Красная Армия перешла в наступление.
А.П. ПЛАТОНОВ
СЫН НАРОДА
Генерал, бывший прежде начальником подполковника Простых, может быть, лучше других знал своего офицера. Он сказал о нем: "Это вдохновенный человек, как бывают вдохновенные музыканты и поэты: бой для него есть творчество и творение его – победа; но он допускает иногда излишний риск и расширяет, так сказать, толкование Устава, а когда укоряешь его, то он отвечает, что в нашем Уставе крупнее всего написано одно слово – "победа", а все остальные слова написаны более мелким шрифтом, – вот какой был у меня Иван Иннокентьевич, но он хорошо дерется, шут его возьми, прямо одно наслаждение, выругаешь его, а простишь: как будто иногда и неправильно бывает, а все верно – фашисты от него умирают или бегут!"
Я поехал в полк Ивана Простых. Подполковник жил в избушке на краю деревни у многодетной вдовы. У подполковника была та обычная, и все же редкая, наружность, которая напоминает вам, что вы где-то уже видели это лицо и вам чем-то близок и дорог этот человек, хотя ничего вспомнить о нем невозможно. Может быть, вы никогда и не встречали его и не могли его знать, и лишь тайное родственное влечение вашей души к незнакомцу и ваше чувство симпатии к нему рисует на чужом лице знакомые черты... Подполковник на вид был человеком лет сорока, немного сумрачным, с темно-карими утонувшими подо лбом глазами, выражение которых не менялось от его настроения.
Познакомившись, я спросил у него, виделись ли мы когда-нибудь раньше. Он проницательно поглядел на меня и ответил, что – нет, он меня не помнит; правда, был у него один лейтенант, похожий на меня, но тот убит еще под Кромами...
Моя дальнейшая жизнь в полку и знакомство с его командиром все более увеличивали мой интерес к этому офицеру. Есть люди, характер которых возможно приблизительно определить, и образ их делается сразу ясен. Но есть люди иные: вы уже знаете о таком человеке многое, однако они похожи на земное пространство – дойдя до одного горизонта, вы за ним видите следующий, еще более удаленный, и должны идти снова вперед... Такой человек в своем духовном образе подобен бесконечному русскому полю, и это свойство его означает, что вы встретились с развивающимся деятельным человеческим существом, беспрерывно рождающим себя заново в новом опыте жизни.
Гвардейский полк Ивана Иннокентьевича Простых квартировал в двух смежных деревнях, где много было разрушенных пустых жилищ. Командир установил обычай в полку, чтобы его люди всегда жили не в общих избах, совместно с населением, а отдельно. В нежилых или осиротевших местах это было просто: строились землянки и блиндажи и ставились палатки, а в населенных пунктах дело было труднее. В тех деревнях, где полк квартировал сейчас, Простых приказал красноармейцам отремонтировать или привести в годное для жилья состояние поврежденные избы и затем поселил в них своих бойцов. Однако на таких тыловых постоях подполковник совсем не желал, чтобы его солдаты жили с населением вовсе розно или чуждо. Он только хотел, чтобы его люди жили постоянно своим войсковым домом и чтобы их человеческое чувство удовлетворялось в задушевном боевом товариществе, в учении и службе – в службе, усвоенной как страстный долг.

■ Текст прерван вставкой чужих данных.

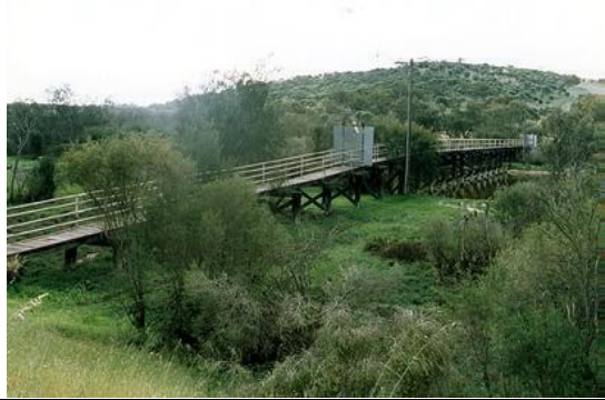
View from South end
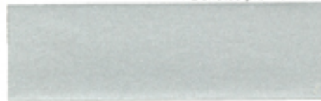
SILVER METALLIC ★
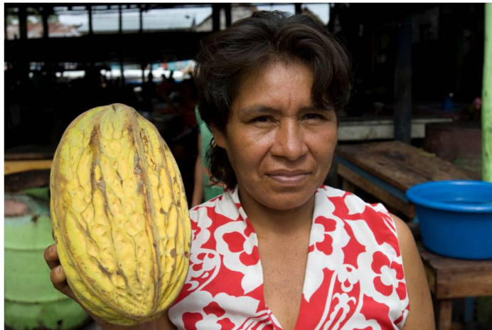
Figura 5 - Macambo ( Theobroma bicolor ) in a street market. The pulp of this near relative of cacao is eaten fresh while the seeds are roasted. Puerto Nanay, Iquitos, Peru 04-13-2006.

Some of the wild fruits in Pacaya-Samiria are also cultivated in home gardens ( huertas ) and fields ( chacras ). At least twenty fruit trees encountered in forests, including caimito ( Pouteria caimito ), genipap ( Genipa americana ) and macambo ( Theobroma bicolor ), are also planted in home gardens and/or fields (Appendix 2). Locals are thus recruiting new crops, some of which may eventually be planted on a wider scale. About one-fifth of the edible wild fruits gathered in forests have been incorporated in a wide assortment of agroforestry configurations assembled by local farmers. Most of the wild fruits are as yet little known outside of Amazonia. Conservation of floodplain forests is thus important on two accounts: as sources of new crops, and as gene pools of some existing crops.
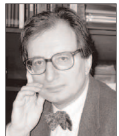
Jean-Luc Marion is John Nuveen Professor of the Philosophy of Religion and Theology in the Divinity School.
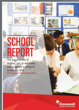
Stonewall School Report

Setting up an LGBT group might seem a bit daunting but our suite of resources will help you every step of the way.
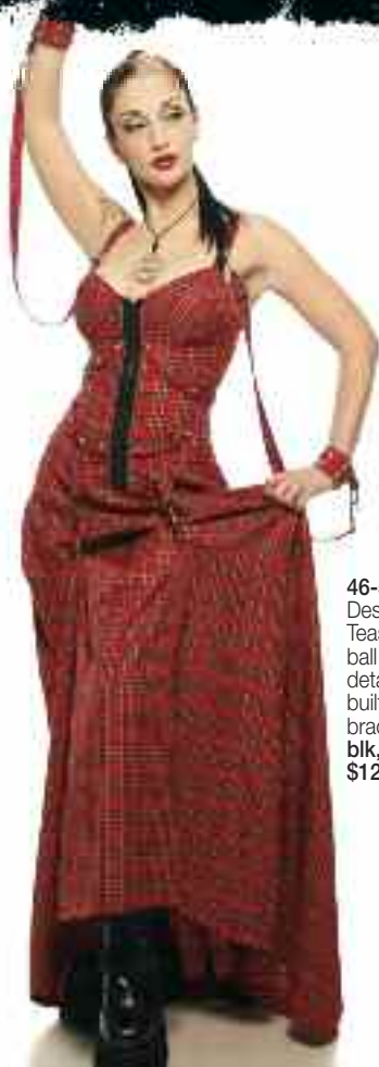
46-538 Destructive Tease zip front ball gown with detachable built-in spiked bracelet cuffs! blk, mag, red $120.95
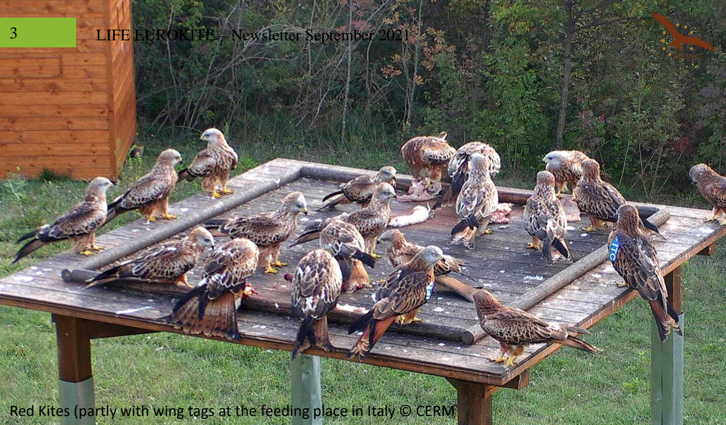
Red Kites (partly with wing tags) at the feeding place in Italy
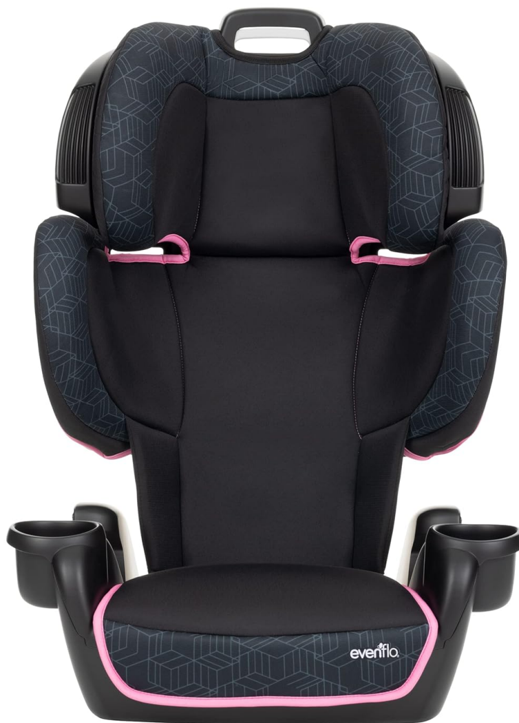
Figure 1: Front view of the Evenflo GoTime LX High Back Booster Car Seat. This image shows the overall design of the booster seat, including the headrest, backrest, and base with integrated cup holders.

С населением солдаты Ивана Простых имели близость жизненного и серьезного значения. Сейчас, когда была пора весны, красноармейцы в свободное время копали в помощь хозяйкам огороды, ровняли навоз на грядках, чинили сельский инвентарь и убирали с проездов мусор от немецкого нашествия и мертвые остатки войны – колючую проволоку, снаряды и погоревшие машины, а девушки-санитарки брали в избы малых крестьянских детей, чтобы их матери спокойно работали в колхозном поле. Это вновь и вновь приучало людей, и красноармейцев и местных жителей, к простым житейским отношениям, к сознанию того, что все они – один народ и дело их родственно. Когда полк Ивана Простых пойдет вперед, позади себя он оставит устроенные жилища, возделанную землю и доброе чувство в крестьянских сердцах.
Я спросил однажды у командира, не устают ли его люди от таких сельских работ, ведь у них есть свои прямые обязанности, требующие всех сил.
– Что ж такое, что они устают! – сказал Простых. – Солдат с усталостью не считается. Да и потом у меня своя есть главная забота! – резко добавил он. – Своя забота! Я здесь не блаженных телят воспитываю, а людей подвига, людей, творящих смерть врагу! А здесь народ два с лишним года был зачумлен немцами, пусть теперь он вспомнит своих людей и полюбит их еще больше, чем любил прежде...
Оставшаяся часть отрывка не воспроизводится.